WHAT YOU NEED TO DO:
The answer must be every line of the records below that holds the word "ФОТО".

[Extracted data entries]
+--

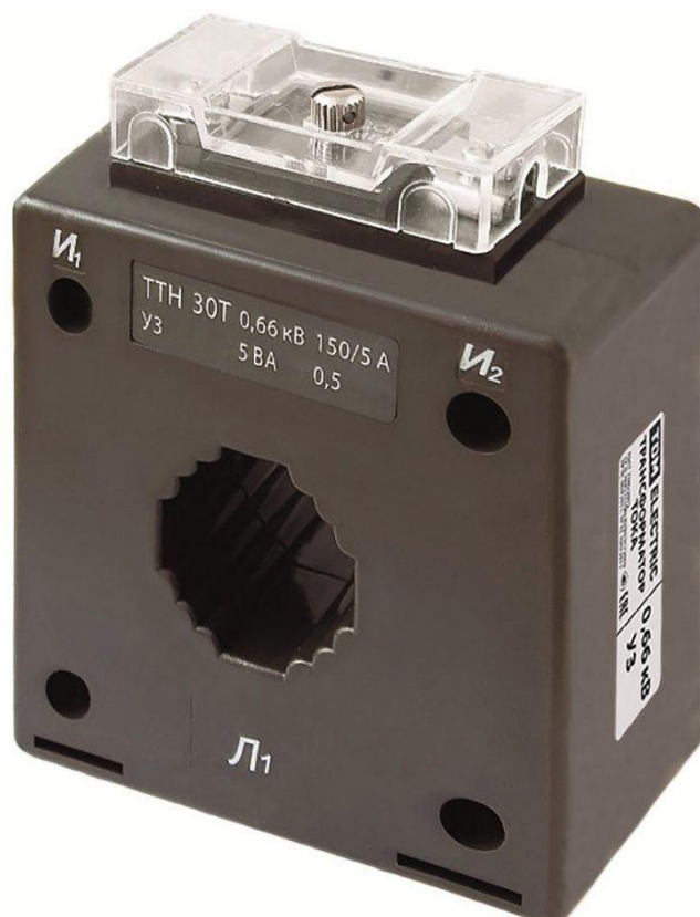
Рисунок 3 – Общий вид трансформаторов тока ТТН 30Т
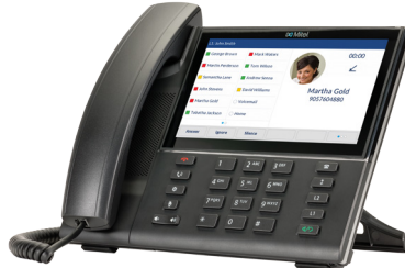
TÉLÉPHONE SIP MITEL 6873
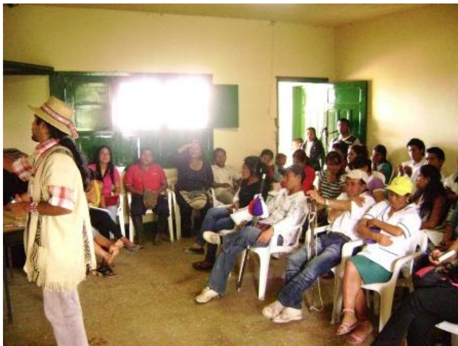
The' Whala de visita en La Laguna dicta conferencia sobre cosmovisión Nasa a los cabildantes de Kitek Kiwe. Junio de 2011.
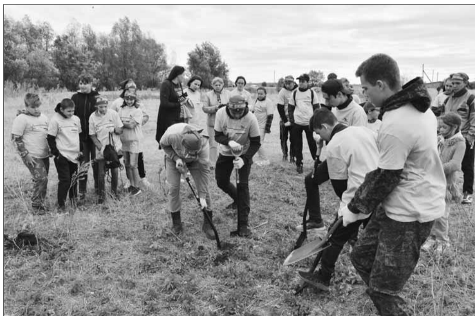
Школьники и юнармейцы также выразили желание стать участниками экспедиции. Причем не номинально - за возможность копнуть несколько раз ребята спорили между собой. Но лопаты достались всем желающим. ФОТО: ЮЛИЯ ВАСИЛЕНКО.

Дно в раскопе следует все время прощупывать: так можно определить, что именно находится под землей, какого оно размера и на какой глубине. Как только до искомого предмета остается совсем немного, начинается работа руками. ФОТО: ЮЛИЯ ВАСИЛЕНКО.
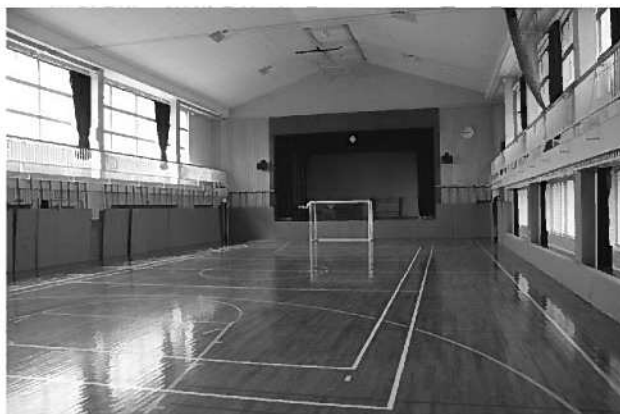
サッカー1面, フットサル1面
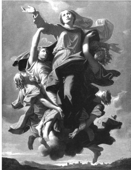
Maria Assunta - N. Poussin (sec. XVII)

Maria ci aiuti, ci incoraggi a far sì che ogni momento della nostra esistenza sia un passo in questo esodo, in questo
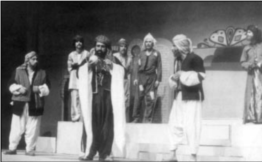
شانۆگەری «هەبوو نەبوو» دەرھێنانی سەباح عەبدولرەحمان - ۱۹۸۱

بەدڵسۆزییەو خۆیان بە بەشیکێ ئەم سیستەمە داناو و پەرۆش بووینە بۆ قوربانیان لە پینا و خاک و نیشتیما و بە پیتی پرنسیبی رژیم و بەهەموو راستگۆییە کەووە کاریان لەسەر ئەو کەردوووە کە گەورەیی و سەرورەری ولات و دیموکراسییەت بکەنە درووشم لە نووسینەکانیاندا، ئەوەتا سۆفۆکلیس لە شانۆنامەی «ئۆدیبۆس» لە کۆلۆتۆس» بەو پەڕی ئەفراندنەو ئەو گەرکە وەسف دەکات بە جوانی کە تێدا لەدایک بوو وەک نیشانە یەک بۆ خۆبەستنەو بەخۆشەویستی خاک و نیشتمان و ئینتیما نەتەوێی.
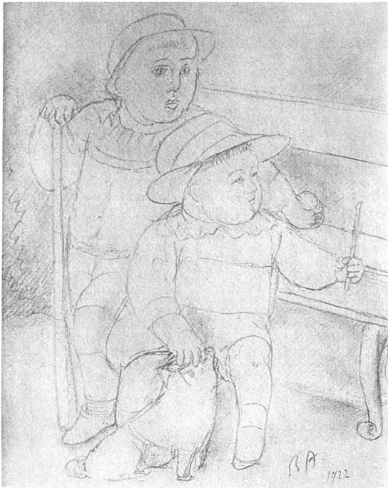
RENÉ AUBERJONOIS Enfants (dessin)

matière. Ombres, hâchures, crayonnages, par quoi d'autres marquent l'effet, la force, l'éclairage, rien n'en reste, ou indiqués d'une si discrète insistance qu'ils se découvrent à la deuxième lecture. On peut dire que ces dessins tendent au blanc. De là leur force: ils ne disent plus rien que l'essentiel. C'est le dernier schéma, la trame sans plus, les fils de la pensée à nu.
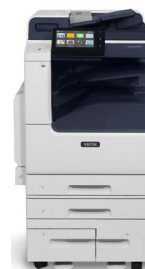
Impressora multifuncional Xerox® VersaLink® B7125/B7130/ B7135
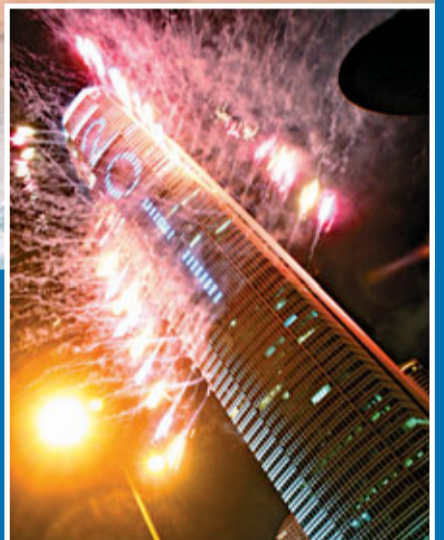
在國金2期舉辦的「除夕倒數詠香江」匯演, 400萬元贊助費將由政府承擔。資料圖片
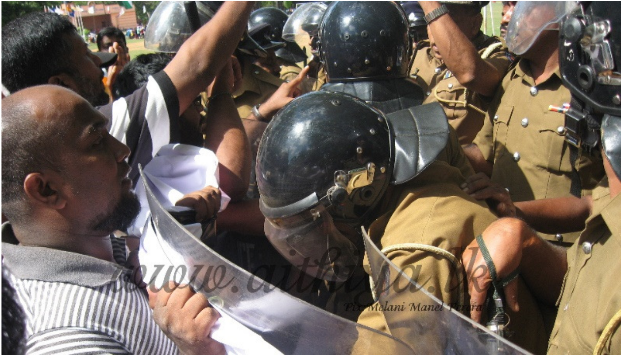
2014 අගෝස්තු 30 වන දින පැවති සාමකාමී රැළිය පොලීසිය විසින් අවහිර කිරීම

අගෝස්තු 14 වන දින අතුරුදහන් වූවන්ගේ පවුල් වල සාමාජිකයන්, විපක්ෂ දේශපාඤ්ඤින්, මානව හිමිකම් ආරක්ෂකයින් සහ පුජ්‍ය පක්ෂය එක්ව රජයේ නියෝජිතයෙකු වෙත පෙන්සමක් භාර දීමට ගමන් කරමින් සිටි රැළිය පොලීසිය විසින් අවහිර කළ බව වාර්තා විය. වවුනියාව නගර සභා ශාලාවේ පැවති මහජන හමුවකින් අනතුරුව මෙම සාමකාමී රැළිය ආරම්භ වී ඇත.
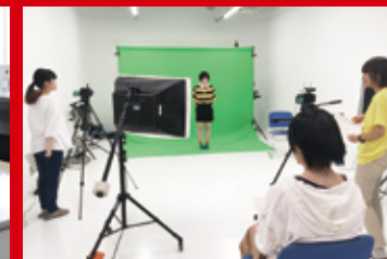
写真撮影用スタジオ。カメラの貸し出しも可
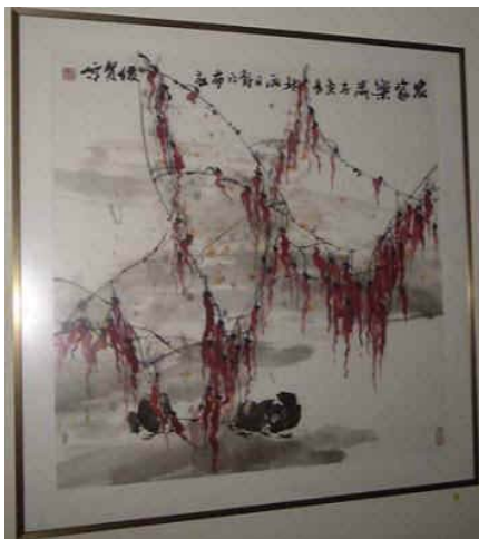
Xian Wei Yun (VRCH), Rote Trauerweide

Bildelemente, Bildkomposition und Text, damit Bedeutungen, beliebig tiefe Konnotationen werden als eigentliches Ergebnis des Kunsterlebnisses gesehen.
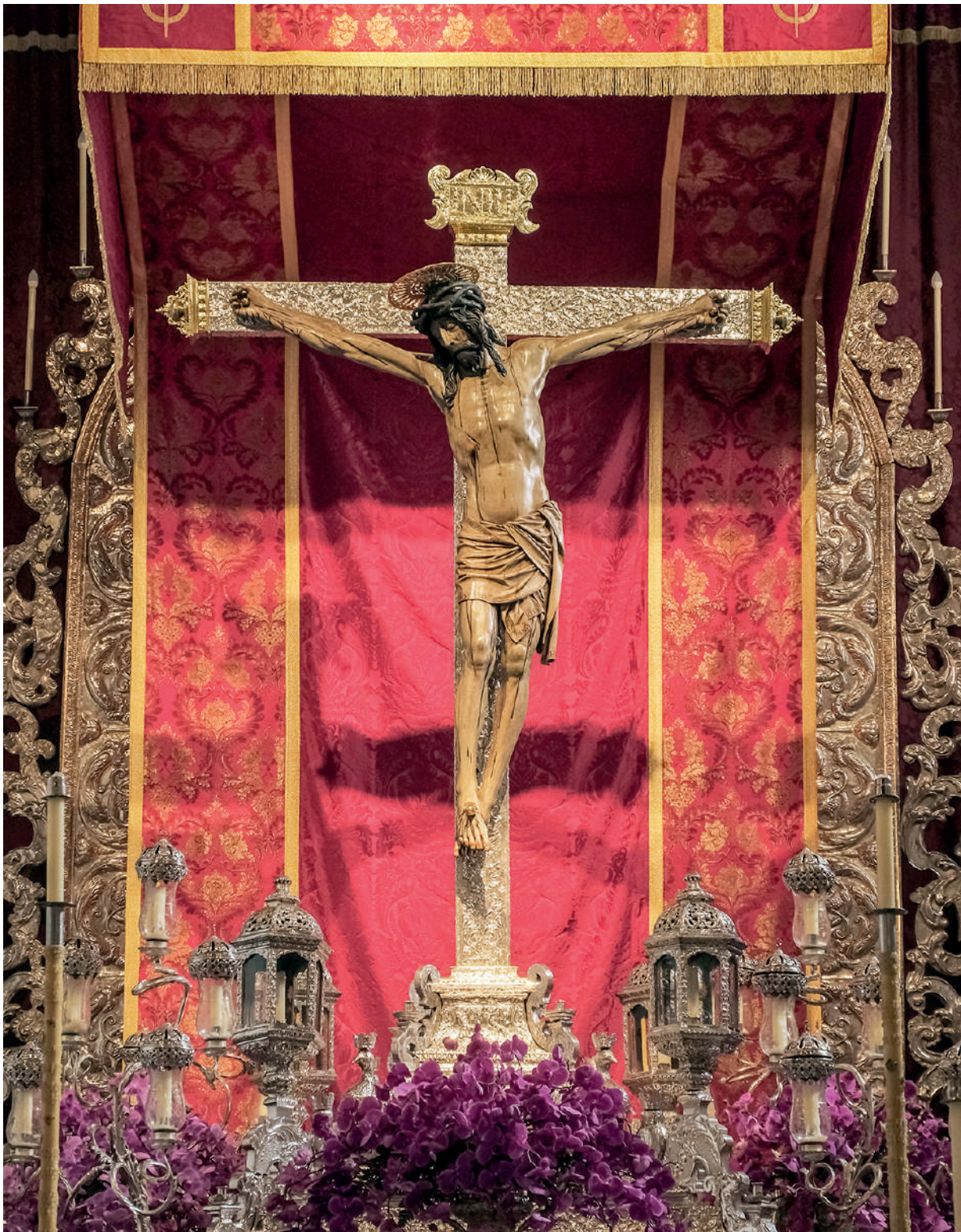
Imagen del Santísimo Cristo de La Laguna en su Real Santuario la tarde del 14 de septiembre de 2023.
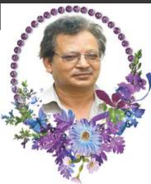
मदुमह पूर्ण वैद्य
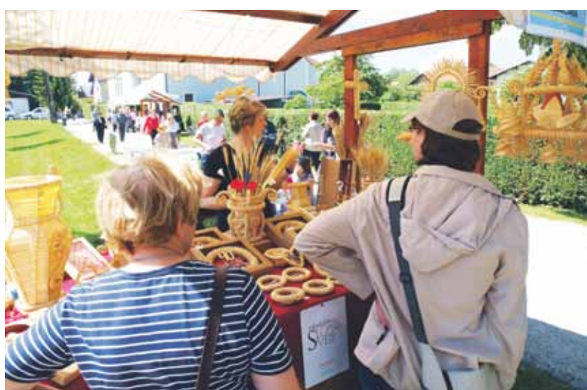
Obiskovalci so z zanimanjem občudovali "umetnije" iz slame.
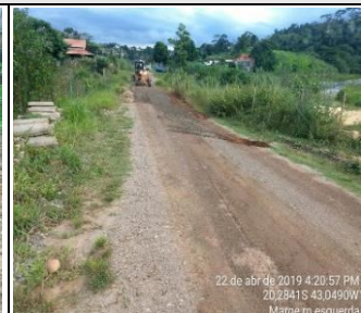
Evidências fotográfica (Depois)
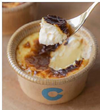
限定特典「チーズケーキ」（イメージ）
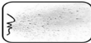
Airbourne (Ambience Treatment)
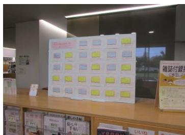
読書週間 わたしの『お気に入りのこの一行』

利用者の貸出の多い分類のものなどからテーマを決めて「野菜づくりのコツと裏技講座2024」「新NISA初心者向け講座」「あなたにとっての“終活”考えてみませんか?」「多肉植物の寄せ植え講座」の4つの講座を企画し、どの講座も大変好評でした。会場に関連図書の展示を行い、貸出につなげる工夫も行いました。

+--

ANSWER SPACE:
Школьники и юнармейцы также выразили желание стать участниками экспедиции. Причем не номинально - за возможность копнуть несколько раз ребята спорили между собой. Но лопаты достались всем желающим. ФОТО: ЮЛИЯ ВАСИЛЕНКО.
Дно в раскопе следует все время прощупывать: так можно определить, что именно находится под землей, какого оно размера и на какой глубине. Как только до искомого предмета остается совсем немного, начинается работа руками. ФОТО: ЮЛИЯ ВАСИЛЕНКО.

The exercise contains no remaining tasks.